Kalayci nahm das zum Anlass, zu betonen: „Die Praxen und die Krankenhäuser sind sicher.“ Es habe aus den Praxen und Rettungsstellen Rückmeldung gegeben, dass viele Menschen später als sonst zum Beispiel bei einem Herzinfarkt in die Rettungsstelle fahren würden – aus Angst vor einer Ansteckung mit dem Coronavirus.

Eine Gesundheitsgefahr im doppelten Sinne ist das Virus auch für Frauen, die häuslicher Gewalt ausgesetzt sind.

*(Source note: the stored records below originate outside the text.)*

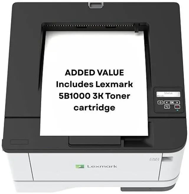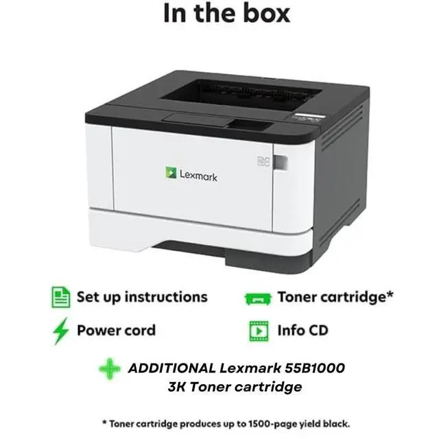 Includes MS331dn Laser Printer and (1) starter toner cartridge (produces up to 1, 500-page yield black) ^^ (1) Lexmark 55B1000 3K Yield Toner Cartridge for additional value ^^
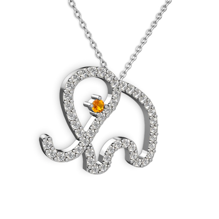 Pırlanta ve sitrin 8 ayar beyaz altın kolye (0.036 karat, 40 cm beyaz altın rolo zincir)
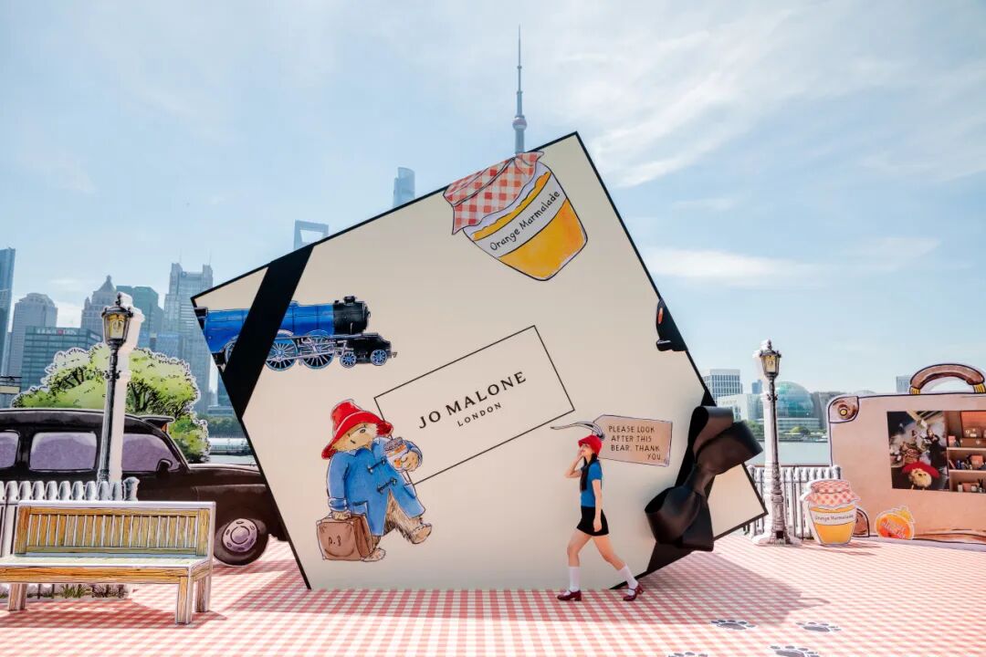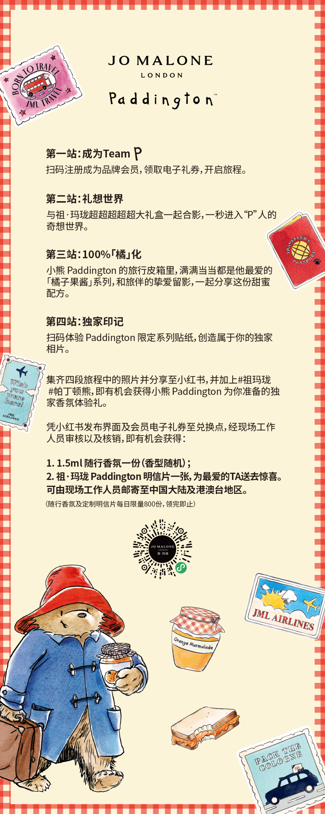 帕丁顿熊不远千里从英国带来的祖·玛珑巨型礼盒也在此掉落,红白格子场景下衬托出浓浓复古英伦气息。悠悠香气袭来,顺着香气在小熊落下的大号行李箱里发现他最爱的「橘子果酱」——哇!是祖·玛珑和帕丁顿熊的限定联名香氛。

Laut Kalayci sei die Zahl der Polizeieinsätze deswegen zuletzt gestiegen: Anfang April waren es innerhalb einer Woche 332 Einsätze, und damit rund 80 mehr als in der zweiten Märzwoche.

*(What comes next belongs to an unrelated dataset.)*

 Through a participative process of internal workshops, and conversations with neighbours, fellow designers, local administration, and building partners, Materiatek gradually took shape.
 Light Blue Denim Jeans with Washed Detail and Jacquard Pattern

Unterdessen zieht nun auch Mitte mit einem „Drive-In“ für Corona-Tests nach. „Der zentrale Festplatz soll zum Testplatz werden“, sagte Kalayci. Zuvor hatte bereits Neukölln die Öffnung eines „Drive-In“ im Hotel Estrel an der Sonnenallee ab dem kommenden Montag angekündigt. Allerdings, betonte Kalayci, seien diese Drive-Ins keineswegs als schneller „Test to go“ für alle gedacht. Vielmehr würden die Gesundheitsämter der Bezirke dort gezielt und nach Terminvergabe „im Rahmen der Nachverfolgungsstrategie“ testen. Getestet würden also nur Kontaktpersonen.

Am Dienstag will der Senat beraten, wie Berlin die vergangene Woche auf Bund-Länder-Ebene beschlossenen Öffnungen im Einzelhandel konkret umsetzen will. Ausgerechnet die FDP mag die Geschäfte lieber geschlossen lassen: „Der Einzelhandel ist überhaupt nicht vorbereitet auf die Lockerungen, es gibt keine Empfehlungen zum Schutz des Personals“, wetterte Florian Kluckert an die Adresse von Wirtschaftssenatorin Ramona Pop (Grüne).

Kommt es doch zu einem Wiederanstieg der Infiziertenzahlen, hat Berlin immerhin noch Kapazitäten: Aktuell seien 500 Intensivbetten frei, sagte Kalayci, 800 bis 900 könnten „zusätzlich kurzfristig“ zur Verfügung gestellt werden.